Spinoff from #11020.

Today, our Operations.determinize implementation builds powersets of all subsets of NFA states that "belong" in the same determinized state, using this algorithm.

To hold each powerset, we use a malleable SortedIntSet and periodically freeze it to a FrozenIntSet, also sorted. We pay a high price to keep these growing maps of int key, int value sorted by key, e.g. upgrading to a TreeMap once the map is large enough (> 30 entries).

But I think sorting is entirely unnecessary here! Really all we need is the ability to add/delete keys from the map, and hashCode / equals (by key only – ignoring value!), and to freeze the map (a small optimization that we could skip initially). We only use these maps to lookup in the (growing) determinized automaton whether this powerset has already been seen.
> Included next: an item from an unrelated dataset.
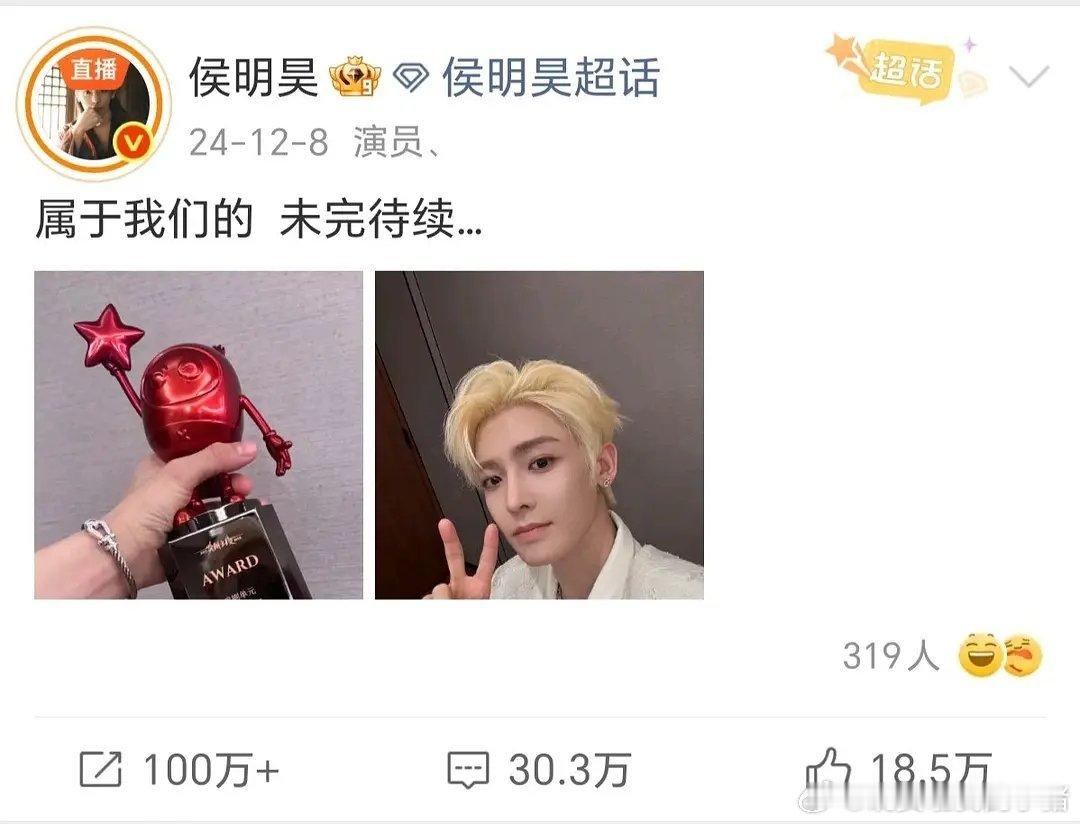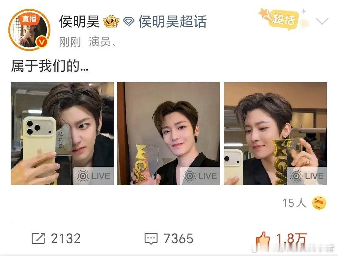 侯明昊领奖都会发进粉丝超话,属于我们的,第一个开始,未完待续[捂嘴哭][捂嘴哭]

Maybe we could simply poach the IntIntScatterMap implementation from HPPC? And then change its hashCode/equals to only use keys (not values).

This change should be a big speedup for the kinds of (admittedly adversarial) regexps we saw on #11020.

Migrated from LUCENE-9983 by Michael McCandless (@mikemccand), updated Sep 30 2021 Pull requests: https://github.com/apache/lucene/pull/162, https://github.com/apache/lucene/pull/163

asfimport commented 3 years ago

Patrick Zhai (@zhaih) (migrated from JIRA)

Hi Mike,

So if I understand correctly what we really need is a map that could maps key (which is state) to its count, and remove the state when count goes to 0 while iterating the intervals? And freeze seems to be necessary since we want to make a snapshot of the key set to use it as a hash key?

I'm thinking about using an IntIntHashMap along with a FixedBitSet, so that we keep the count using the map and use the snapshot of the bitset as hash key. What do you think?

asfimport commented 3 years ago

Patrick Zhai (@zhaih) (migrated from JIRA)

Oh I realized we're still gonna iterate on those frozen set here so maybe bitset is not a good choice? What about just iterate over the keys and create a FronzenIntSet based on that? Since we're anyway gonna copy those keys so it should only add a little more overhead comparing to the current implementation, while getting the benefit of using a light weight, sort free data structure?

asfimport commented 3 years ago

Michael McCandless (@mikemccand) (migrated from JIRA)

Hi @zhaih, thank you for jumping on this :)

[Disclaimer: @zhaih and I both work at Amazon, on customer facing product search, now 100% migrated to Apache Lucene!]

For the record, this code is attempting to implement the Powerset Construction for NFA -> DFA.

I think it's really three different data structures we need.

1 (currently SortedIntSet) Map<int,int> where the key is a state, and the value is its "reference count". We increment/decrement by state here, removing the entry from the map when its ref count drops to 0. This thing is sort of a factory to make 2 below: we periodically call freeze on this map to make a copy of just its keys, a set of ints, producing an instance of 2 below:

2 (currently FrozenIntSet) ** Set<int> to hold a single powerset – this can maybe just be an simple int[] or maybe packed form or something

3 (currently HashMap<IntSet,Integer> Map<Set<int>,int> – the keys in this set are the Set<int> from 2 and the values are int state numbers for the eventual (output) determinized automaton.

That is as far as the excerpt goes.